Polls based on a sample of the whole population include a margin of error. To determine if DEMs will win a particular state, we will generate a random number using a normal distribution, with a mean of pct for that state’s poll. To account for the margin of error, we will use the following formula to calculate the standard deviation for the poll, which is based on the sample_size for that state.

stdv = 1 / (2 * math.sqrt(sample_size))

Step 4: Simulation

We now have enough data to simulate the elections. For each seat, generate a percentage of voters choosing DEM. If this generated value is greater than 0.5, then award the seat to the Democrats. Run the election simulation 40,000 times and collect the results of each simulation.

Plot the (binary) outcomes (e.g. “won” or “lost”) for each state using a bar chart.

Step 5: Conclusion

Download current U.S. Senate data.
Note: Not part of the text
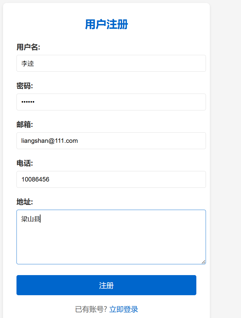 - 个人信息管理:用户可以查看和修改个人信息,包括密码、邮箱、电话和地址等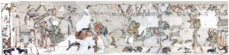 « Représentation numérique officielle de la Tapisserie de Bayeux – XIe siècle. Crédits : Ville de Bayeux, DRAC Normandie, Université de Caen Normandie, CNRS, Ensicaen, Clichés : 2017 – La Fabrique de patrimoines en Normandie »

The file should be called “1976-2020-senate.csv”. Load this file up in a Jupyter notebook as a Pandas DataFrame. Examine its shape and features and produce a data dictionary explaining each column and what a row of data represents.

Using the data in this file, and the results of your Monte Carlo simulations, clearly state your predicted 2022 mid-term election outcomes. Will the Democrats maintain control of the U.S. Senate? How closely do your results match the predictions at FiveThirtyEight? What could explain any differences you see? What other assumptions did we implicitly make in our simulation?

What To Turn In

As you work on this lab, record all of your progress in a Jupyter notebook. Record your solutions and attempts in Code blocks, and annotate what you did with MarkDown blocks. Cite all the webpages you find and use in your search for your solution. A good solution should read like a self-contained report.

  • Add your name and your lab partner at the top of the notebook.
  • https://dillinger.io/ for good MarkDown styling.
  • Overleaf for good LaTeX styling.
  • Go to the file menu and do “Kernel -> Restart and Run All” before submitting. This ensures there are no runtime errors and all figures are generated correctly.

Grading

  • Complete: Notebook can be read easily w/o needing to reference this page for additional detail. It should read like a self-contained report. It can be executed without producing runtime errors. All steps (1-5) are finished and all discussion questions are answered.

  • Partially complete: Notebook can be executed without producing runtime errors. Steps (1-5) are attempted.

  • Bonus: If you complete the lab before the mid-terms on November 8th, then you can get 15 additional points added to your Exam #2 grade. this is enough to turn a “B” into an “A”.